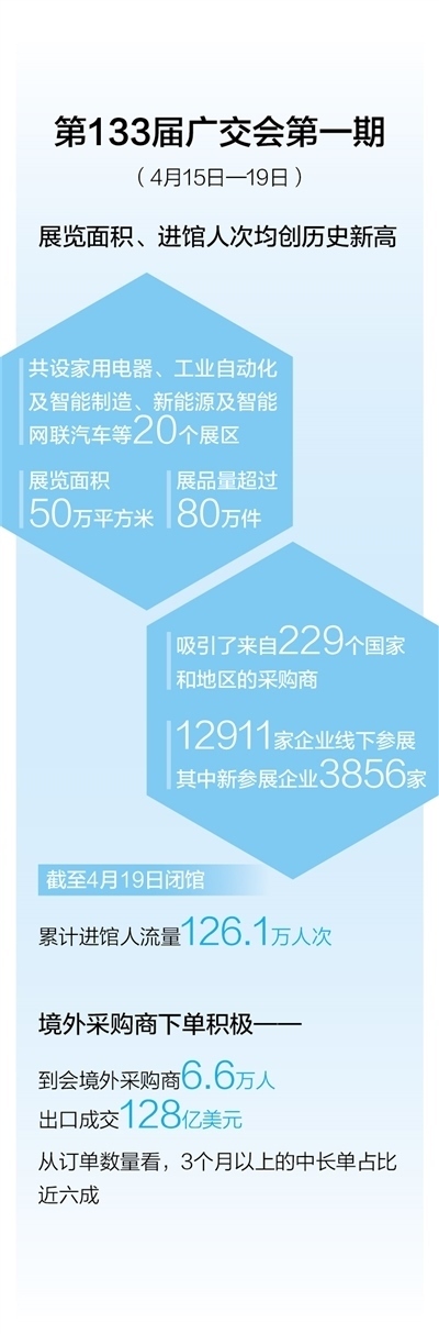 在這里,新產(chǎn)品密集發(fā)布,新訂單不斷促成,新朋友越來(lái)越多。本報(bào)記者與廣交會(huì)第一期現(xiàn)場(chǎng)的參展商、采購(gòu)商、服務(wù)商、策展方一道,共同感受中國(guó)外貿(mào)的亮點(diǎn)和趨勢(shì)、中國(guó)與世界共享發(fā)展機(jī)遇的胸襟和誠(chéng)意。
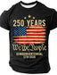 4 de Julho de 2026 250º Dia Memorial Camiseta Masculina Imprimida em 3D Bandeira dos EUA Gola Careca de Manga Curta Dia a Dia
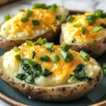This hearty twice-baked potato dish takes a classic comfort food and elevates it with fluffy cheddar and fresh spinach, creating a creamy, savory side that’s perfect for family dinners, cozy evenings, or festive gatherings. Each bite is warm, cheesy, and full of flavor, making it a dish that both adults and kids will love. Inspired by the joy of family meals and the tradition of sharing comfort food, this recipe transforms simple potatoes into a centerpiece that’s as visually appealing as it is delicious.
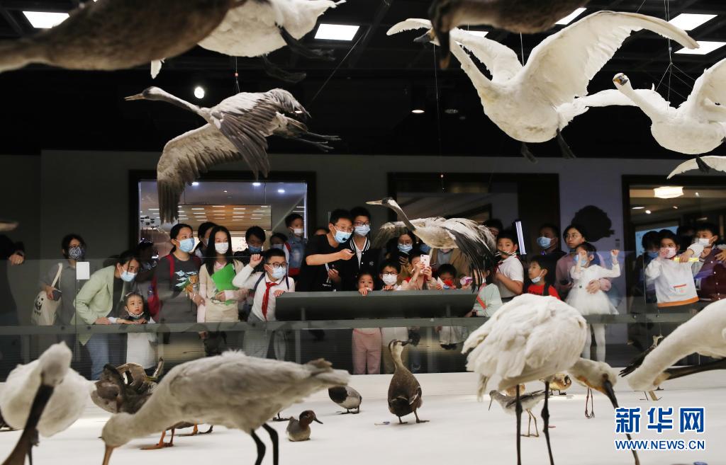 5月18日,观众在鸟类展区听讲解员介绍不同鸟类的特点和习性。
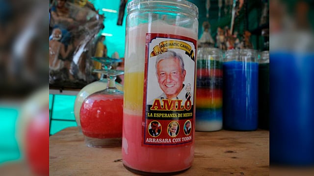 En un mercado de Tabasco, lugar de origen del candidato a la presidencia de la república, se encuentran a la venta veladoras con la imagen del representante de la coalición "Juntos Haremos Historia".
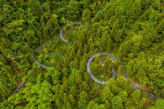 山泉滑漂依山而建,穿越高山竹海,航拍之下犹如巨龙盘踞在竹海中。游客乘坐橡皮艇盘旋而下,可同时赏竹海,望梯田,观云海。
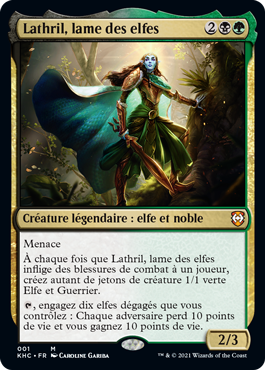 | Rules | Menace Whenever Lathril, Blade of the Elves deals combat damage to a player, create that many 1/1 green Elf Warrior creature tokens. , Tap ten untapped Elves you control: Each opponent loses 10 life and you gain 10 life. |

┄┄┄┄┄┄┄┄┄┄

WHAT YOU WILL DO: Going back to the data above, write out everything from the line with "This hearty twice-baked" down to the line with "山泉滑漂依山而建,穿越高山竹", both included, leaving every picture out.

TASK ANSWER:
This hearty twice-baked potato dish takes a classic comfort food and elevates it with fluffy cheddar and fresh spinach, creating a creamy, savory side that’s perfect for family dinners, cozy evenings, or festive gatherings. Each bite is warm, cheesy, and full of flavor, making it a dish that both adults and kids will love. Inspired by the joy of family meals and the tradition of sharing comfort food, this recipe transforms simple potatoes into a centerpiece that’s as visually appealing as it is delicious.
 5月18日,观众在鸟类展区听讲解员介绍不同鸟类的特点和习性。
 En un mercado de Tabasco, lugar de origen del candidato a la presidencia de la república, se encuentran a la venta veladoras con la imagen del representante de la coalición "Juntos Haremos Historia".
 山泉滑漂依山而建,穿越高山竹海,航拍之下犹如巨龙盘踞在竹海中。游客乘坐橡皮艇盘旋而下,可同时赏竹海,望梯田,观云海。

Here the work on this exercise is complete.